Many of these newcomers are "well informed and having planned their immigration", while others were attracted by stories on social media of an “El Dorado" that does not in fact exist, said the Casa’s president, Cíntia de Paulo, in an interview with Lusa News Agency in which she cited the latest figures from the International Organization for Migration (IOM) confirming the trend.

According to de Paulo, who has been a member of the association since 2012 and is president since 2017, a new wave of immigrants to Portugal is underway, and gaining in momentum. Her organisation works to help Brazilians living in Portugal, and so comes into contact with many.

"I venture to say that in the last year, accentuating itself at the end of 2018 and early this year, there were very significant arrivals" of Brazilians in Portugal, she said. "It is a new wave very different from the others, with a cluster of profiles" of people who have come to stay.
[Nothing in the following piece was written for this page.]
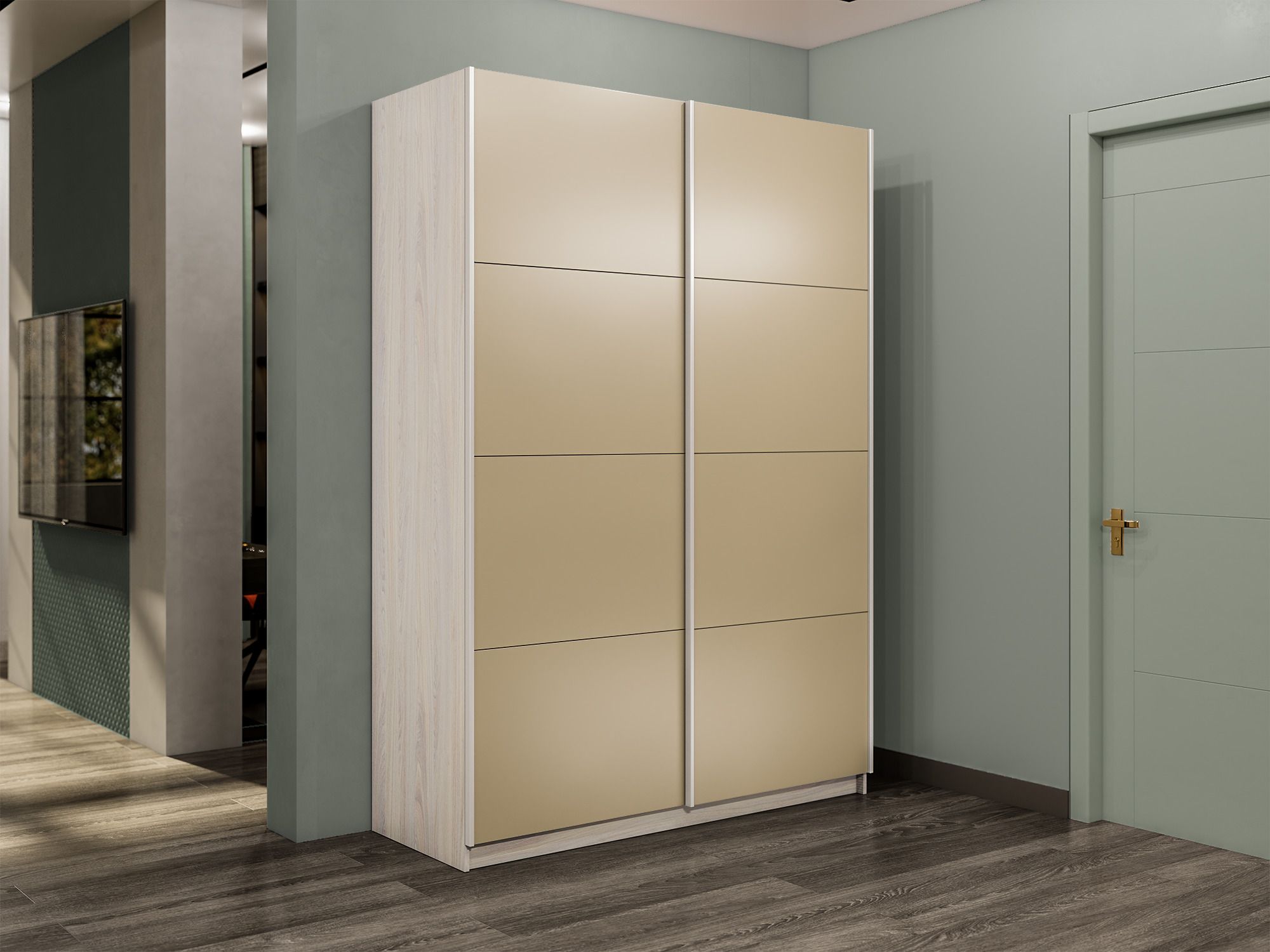 Отзывы о Столплит Шкаф-купе Прайм 2-х дверный Стекла фисташка/Доводчики 160х57х230 Ясень Анкор светлый

Lusa sought fresh data on the subject from Portugal’s Foreigners and Borders Service (SEF), but a source said that figures for 2018 are not yet available.

However, last year the Casa do Brasil helped 476 people who had sought it out for the first time. This year, up to 13 February, it helped a further 110 new people, said de Paulo.

Past waves of Brazilian immigration to Portugal have taken place in the late 1990s and early 2000s, she recalled, adding that the current one "is very large". It consists of several different groups, including less qualified people to a larger group with higher qualifications, many of them university students – a phenomenon already seen since 2009, but still growing.

There is also the formation of a new community, the retired, who have their own incomes in Brazil and the possibility of securing in Portugal a residence permit for retired people, as well as a higher class still, a group that is not so large, according to de Paulo.